TASK DIRECTIONS:
Repeat all the lines below exactly, but omit the pictures.

PROVIDED DATA:
◇ ◇ ◇

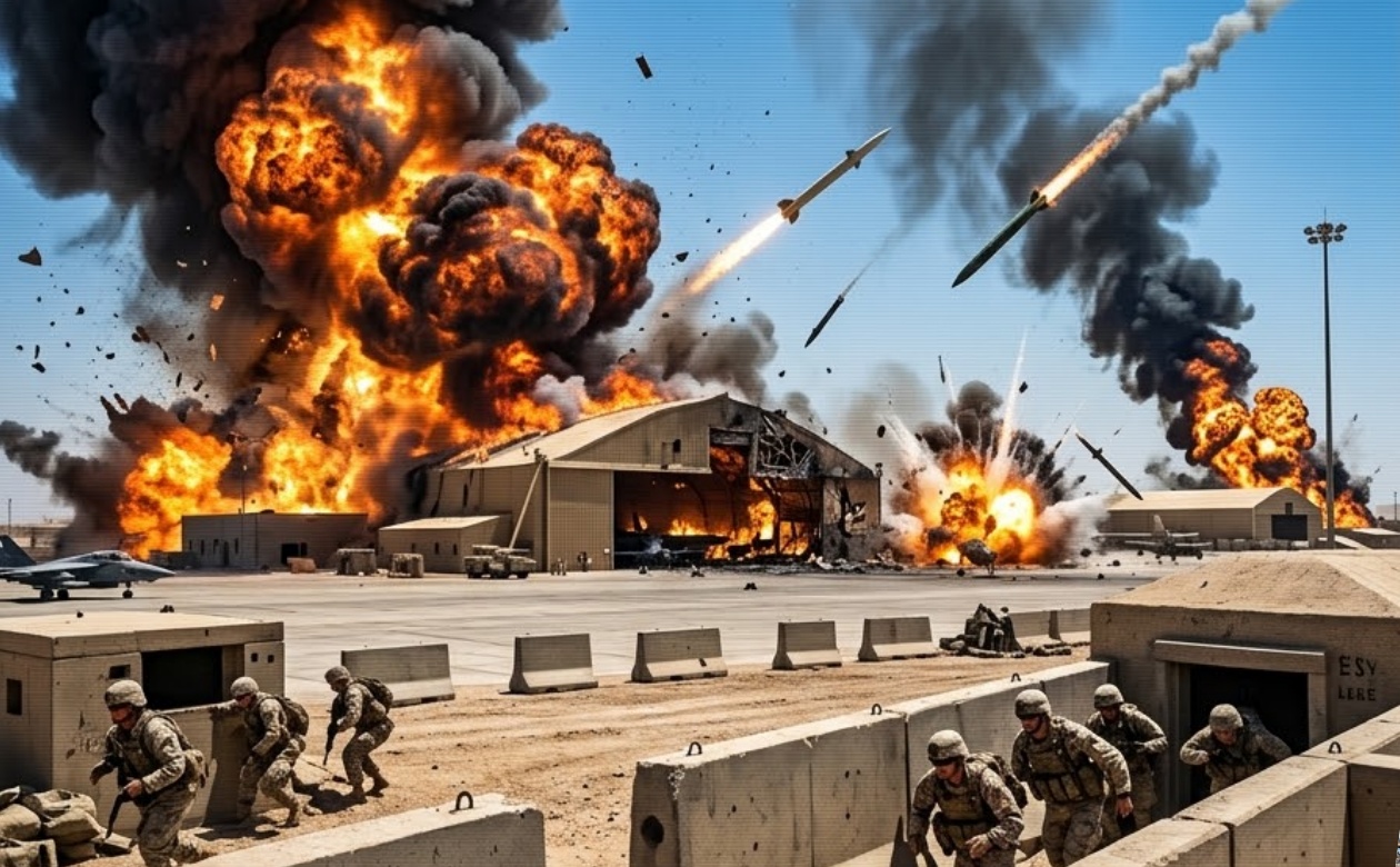 Multiple U.S. bases reported direct impacts and near-misses as Iranian drones successfully penetrated layered defenses, including Patriot missile batteries. Explosions rocked logistics hubs and aircraft parking areas, triggering secondary fires and forcing emergency evacuations. Videos circulating online show thick smoke rising over American facilities as troops scramble to move equipment and personnel to secondary locations. Pentagon sources confirm several bases have been partially evacuated, with troops repositioned deeper into the desert or onto ships — a clear sign of mounting pressure.
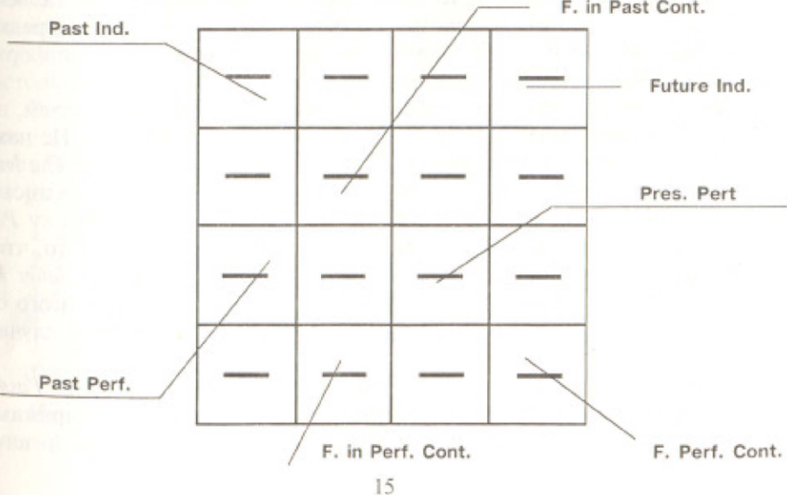 Каждая ячейка разделена на две части. В нижней половине находятся соответствующие формы глагола го be. В ячейках Pres. Ind. и Past Ind. глагол to be просто изменяет свою форму (am, is, are — для Pres. Ind. и was, were — для Past Ind.), в других ячейках соответствующая форма глагола образуется с помощью простой подстановки инфинитивной основы в общую (записанную в верхней половине) «формулу» сказуемого.
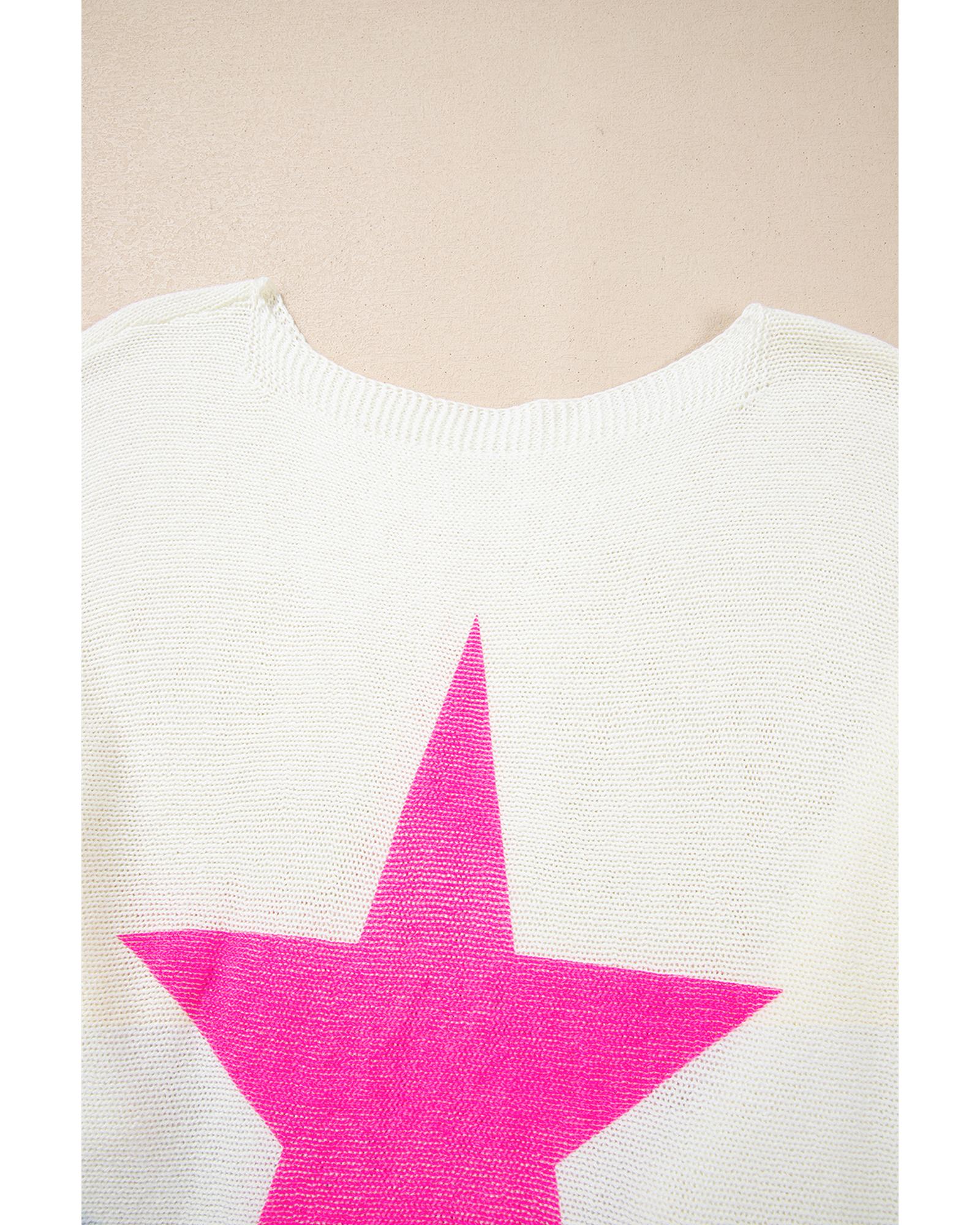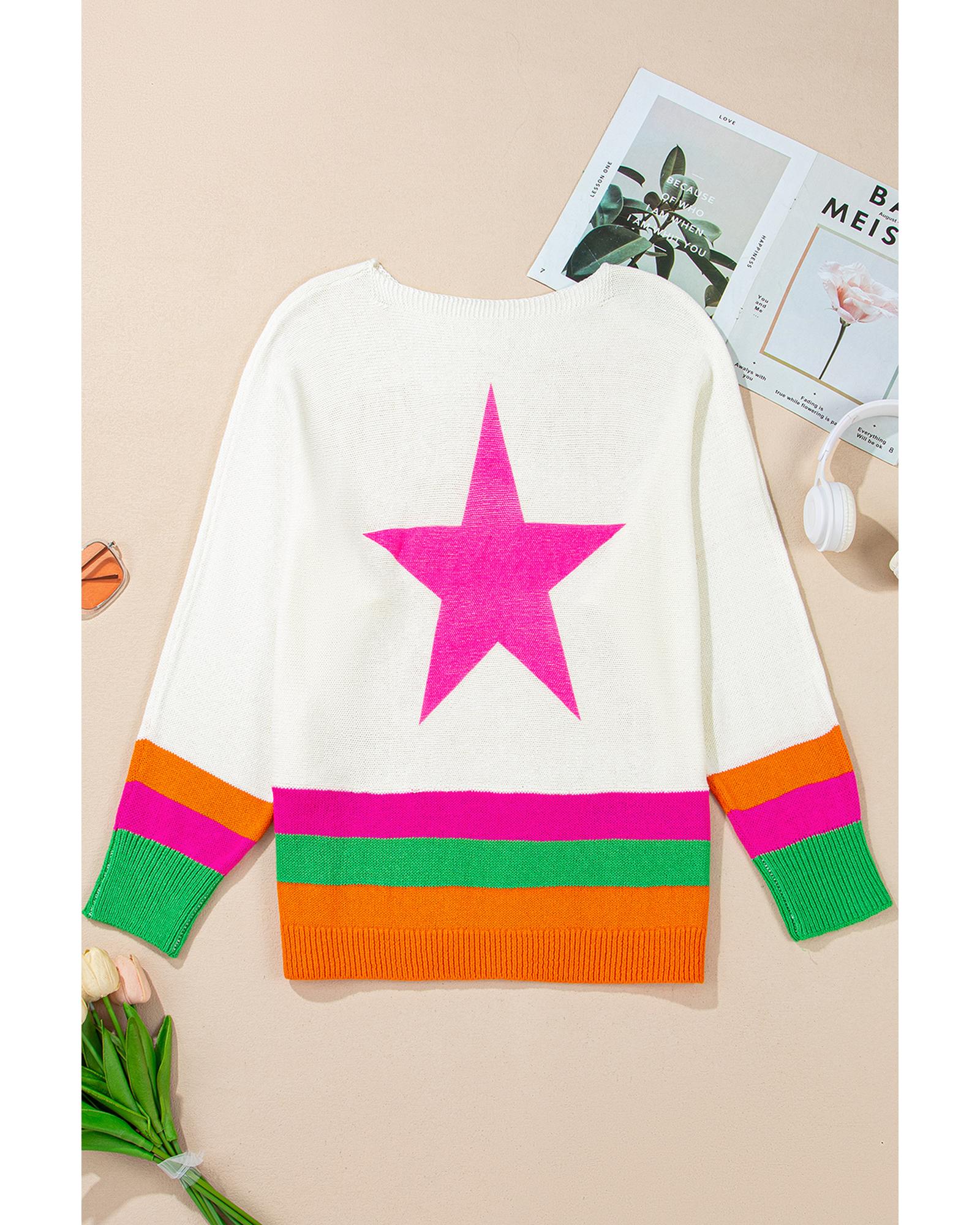 White Star Pattern Colorblock Striped Edge Drop Shoulder Sweater - S

◇ ◇ ◇

ANSWER BOX:
 Multiple U.S. bases reported direct impacts and near-misses as Iranian drones successfully penetrated layered defenses, including Patriot missile batteries. Explosions rocked logistics hubs and aircraft parking areas, triggering secondary fires and forcing emergency evacuations. Videos circulating online show thick smoke rising over American facilities as troops scramble to move equipment and personnel to secondary locations. Pentagon sources confirm several bases have been partially evacuated, with troops repositioned deeper into the desert or onto ships — a clear sign of mounting pressure.
 Каждая ячейка разделена на две части. В нижней половине находятся соответствующие формы глагола го be. В ячейках Pres. Ind. и Past Ind. глагол to be просто изменяет свою форму (am, is, are — для Pres. Ind. и was, were — для Past Ind.), в других ячейках соответствующая форма глагола образуется с помощью простой подстановки инфинитивной основы в общую (записанную в верхней половине) «формулу» сказуемого.
 White Star Pattern Colorblock Striped Edge Drop Shoulder Sweater - S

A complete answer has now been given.